Daragh Gerard Marion O'Malley (born 25 May 1954) is an Irish actor, director and producer. He was born in Dublin, Ireland.

Among many TV appearances O'Malley is known for his portrayal of Patrick Harper in the series Sharpe (1993–2009), starring Sean Bean. O'Malley first appeared in roles in the films The Long Good Friday and Withnail and I, guest roles in many UK television series including Tales of the Unexpected, Waking The Dead and Vera, TV roles in Longitude, Cleopatra and The Magnificent Seven, and US TV film Vendetta. O'Malley also played Irish explorer Tom Crean in the 8 part television series The Last Place on Earth.

In 2011 O'Malley turned his focus to the stage, appearing in productions in the US and in the UK. Among over a dozen stage productions O'Malley appeared as Father Jack in a revival of Dancing at Lughnasa, which was nominated for an MTA Best Production Award, and followed that by playing John Rainey in a London revival of Irvine's Mixed Marriage, which received positive reviews. In 2014, O'Malley appeared as Big Daddy in a production of Cat on a Hot Tin Roof at The Royal Exchange Theatre Manchester, for which he was nominated for an MTA Best Actor award, while UK's The Stage selected O'Malley's performance as one of the Top Five Performances in UK theatre in 2014.

Awards
O'Malley produced the Irish version of The Rocky Horror Show in Dublin; the show won numerous awards, including a Best Production Jacob's Award.

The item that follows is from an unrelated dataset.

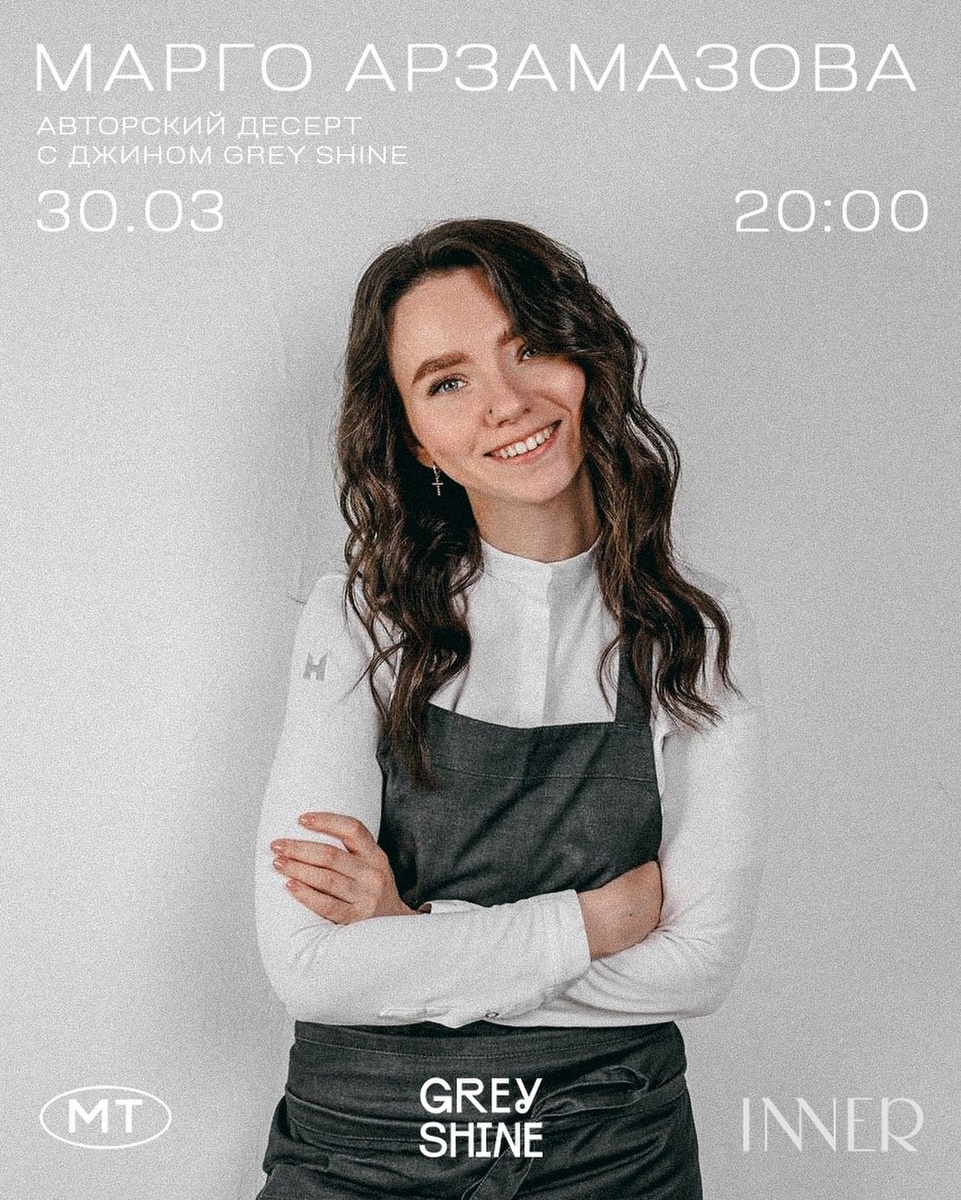 На этот раз не барный, а кондитерский. В гости приезжает шеф‑кондитер из Петербурга — Марго Арзамазова: 10 лет в профессии, призёр чемпионата России, с опытом работы в Pinch, Dreamteam, Veter (и других проектах в Петербурге и Москве). С октября 2025 года Марго является бренд‑шеф‑кондитером ресторанов Алексея Алексеева: iNNER, Futurist, Itameshi. В этот вечер Марго представит специальный десерт с джином Grey Shine. 😄 Мероприятия Нижний Новгород. Я местный! 📱 Telegram | 📲 MAX

The show's playwright, Richard O'Brien, described O'Malley's Irish production as "without doubt, the sexiest version of my show ever produced".

In Los Angeles, O'Malley won a Drama-Logue Best Actor Award for his 1998 performance as Sweeney in Patrick Marber's Dealers Choice at The Mark Taper Forum.

A one-off episode of the BBC Series Doctors, a two-handed episode in which O'Malley appeared with actor Christopher Timothy, won a BANFF TV Award.

In 2011, a production of Dancing at Lughnasa in which O'Malley appeared as Father Jack was nominated for an MTA Award.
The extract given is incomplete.